I wanted to try to find out how startup entrepreneurs without a programming background (like myself); can find a programmer to team up with for a new start up. Do you find potential partners at events? Is there a website with a list of events that you can go to, to meet these programmers or other aspiring entrepreneurs with programming experience? Is there a network? I have the idea but getting the idea onto a website and making it work is what I’m having trouble with. Any help would be much appreciated.
======
eggbrain
_I have the idea but getting the idea onto a website and making it work is
what I’m having trouble with_

Having an idea is worth nothing. Creating that idea is everything. Unless you
have other talents besides being an idea man, no engineer worth his salt will
work with you.

That being said, there are a few avenues you can look into. The first, and
most obvious, is to pay a programmer. Easier said than done, as there are a
ton of startups that are willing to pay market rate + benefits and bonuses
just to get good programmers (See Hipser giving $10,000 and PBR for a year to
anyone they hire)

The second is to get a friend to help you out, or convince someone to work for
you. Very difficult, but they might agree to this, on the assumption that they
get a majority of the equity.

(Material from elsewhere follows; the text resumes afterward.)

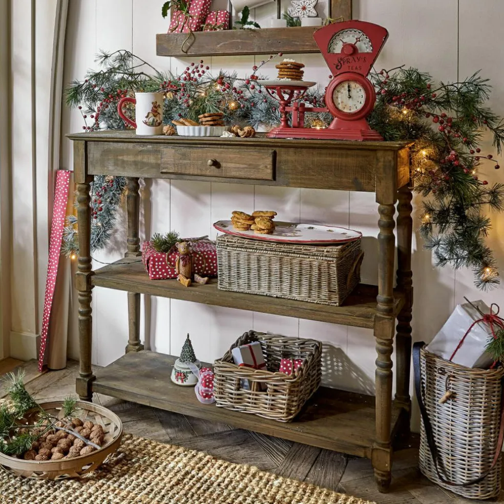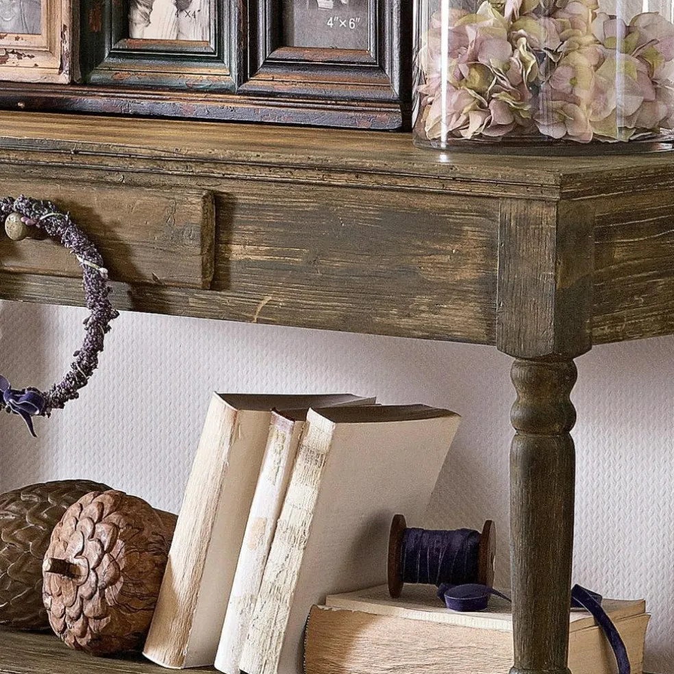 Cette console étroite en sapin trouvera toujours une petite place ! La lasure vintage et les adorables pieds tournés lui donnent une allure de meuble d’époque qui rendra n’importe quelle pièce accueillante. Dans le salon elle pourra accueillir deux jolies lampes, présenter des serviettes dans la salle de bains grâce à ses deux tablettes ou de la vaisselle dans la cuisine, et vous pourrez ranger de menus objets dans le tiroir.

I mean, implementation of the website is huge
over just having an idea, so it actually makes sense that they would get the
majority of equity.

Finally, one of the best ways I've found was to learn programming. Yes it
sucks, and yes it won't be perfect, but if you just get a prototype up that
shows what you attempt to accomplish, programmers will be much more willing to
sit down and talk with you.

You can go to events and stuff and talk to people, but to be honest, I've
heard many people pitch me their next "grand" idea, they just needed someone
to program it for them, who will work for little or no money, and little
equity.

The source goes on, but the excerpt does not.